Basic services such as electricity, gas, water, sewage treatment, and telephones may be cut off for days, or even a week or longer. Or, you may have to evacuate at a moment’s notice and take essentials with you.

Kit Location

Since you do not know where you will be when an emergency occurs, prepare supplies for home, work, and vehicles.

At Home: Your disaster supplies kit should contain essential food, water, and supplies for at least three days.Keep this kit in a designated place and have it ready in case you have to leave your home quickly. Make sure all family members know where the kit is kept.

At Work: This kit should be in one backpack or container, and ready to “grab and go” in case you are evacuated from your workplace.Make sure you have food and water in the kit.
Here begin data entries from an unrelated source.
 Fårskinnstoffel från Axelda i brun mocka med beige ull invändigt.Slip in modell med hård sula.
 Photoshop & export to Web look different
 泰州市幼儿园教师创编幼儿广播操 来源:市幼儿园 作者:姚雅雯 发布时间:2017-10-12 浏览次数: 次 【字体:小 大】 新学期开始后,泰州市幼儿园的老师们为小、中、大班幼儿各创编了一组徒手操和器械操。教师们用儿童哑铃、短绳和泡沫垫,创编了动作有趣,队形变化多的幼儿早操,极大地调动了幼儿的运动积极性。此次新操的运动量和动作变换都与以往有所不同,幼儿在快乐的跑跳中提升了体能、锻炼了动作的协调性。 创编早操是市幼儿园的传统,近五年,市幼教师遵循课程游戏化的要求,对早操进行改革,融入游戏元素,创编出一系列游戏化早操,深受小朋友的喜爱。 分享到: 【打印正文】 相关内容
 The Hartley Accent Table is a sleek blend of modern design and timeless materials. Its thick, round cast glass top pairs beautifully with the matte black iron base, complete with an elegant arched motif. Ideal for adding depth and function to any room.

Also, be sure to have comfortable walking shoes at your workplace in case an evacuation requires walking long distances.

In Your Car: In case you are strand-ed, keep a kit of emergency supplies in your car.This kit should contain food, water, first aid supplies, flares, jumper cables, and seasonal supplies.

Water

How Much Water do I Need?

You should store at least one gallon of water per person per day. A normally active person needs at least one-half gallon of water daily just for drinking.
Additionally, in determining adequate quantities, take the following into account:

    • Individual needs vary, depending on age, physical condition, activity, diet, and climate.
    • Children, nursing mothers, and ill people need more water.
    • Very hot temperatures can double the amount of water needed.
    • A medical emergency might require additional water.

How Should I Store Water?

To prepare safest and most reliable emergency supply of water, it is recommended you purchase commercially bottled water. Keep bottled water in its original container and do not open it until you need to use it.
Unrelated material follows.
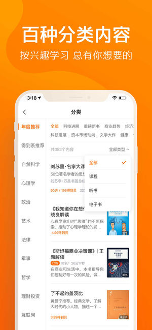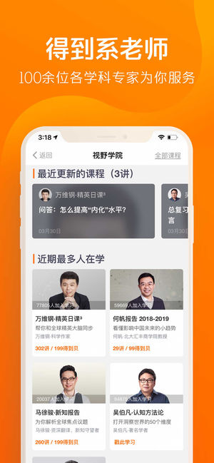 得到是一款可以听音频、学通识课程、看电子书、看直播、看知识短视频、记笔记的软件,致力于服务所有终身学习者。 晨起、睡前、锻炼、通勤路上,一个人、陪家人、带孩子,都可以和「得到」一起度过。 每天半小时,你可以得到精心打磨的严肃知识和书籍内容。 【130门独家专栏课程】 罗振宇、薛兆丰、梁宁、香帅、万维钢、刘润、宁向东、武志红、施展、王烁、吴军、李翔等100位各领域的专家学者和知识高手,为你打造独家精品内容:经济学、管理学、商学、医学、金融学、心理学等帮你完善通识教育,文学、艺术、历史、科学思维、儿童教育等助你全面提升自我素养,产品思维、前沿视野、人工智能、互联网科技、硅谷哨探为你提供最顶级的视…

Observe the expiration or “use by” date.

Food

The following are things to consider when putting together your food supplies:

    • Avoid foods that will make you thirsty. Choose salt-free crackers, whole grain cereals, and canned foods with high liquid content.

Stock canned foods, dry mixes, and other staples that do not require refrigeration, cooking, water, or special preparation. You may already have many of these on hand. (Note: Be sure to include a manual can opener.) Use a permanent marker to date foods and replace items every six months. Pack foods in watertight bags or sturdy plastic containers.

    • Canned foods are a good choice. Buy ready-to-eat meats, fruits, and vegetables
    • Buy canned or boxed juices, milk, soup, and powdered milk
    • Peanut butter is a good source of protein
    • Crackers, granola bars, cereals, trail mix
    • Instant coffee and tea
    • Sugar, salt, pepper, other spices
    • Any other special dietary needs

Basic Disaster Supplies Kit

The following items are recommended for inclusion in your basic disaster supplies kit:

    • Three-day supply of non-perishable food.
    • Three-day supply of water – one gallon of water per person, per day.
    • Portable, battery-powered radio or television and extra batteries.
    • Flashlight and extra batteries.
    • First aid kit and manual.
    • Sanitation and hygiene items (moist towelettes and toilet paper).
    • Matches and waterproof container.
    • Whistle.
    • Extra clothing.
    • Kitchen accessories and cooking utensils, including a can opener.
    • Photocopies of credit and identification cards.
    • Cash and coins.
    • Special needs items, such as prescription medications, eye glasses, contact lens solutions, and hearing aid batteries.
    • Items for infants, such as formula, diapers, bottles, and pacifiers.
    • Other items to meet your unique family needs.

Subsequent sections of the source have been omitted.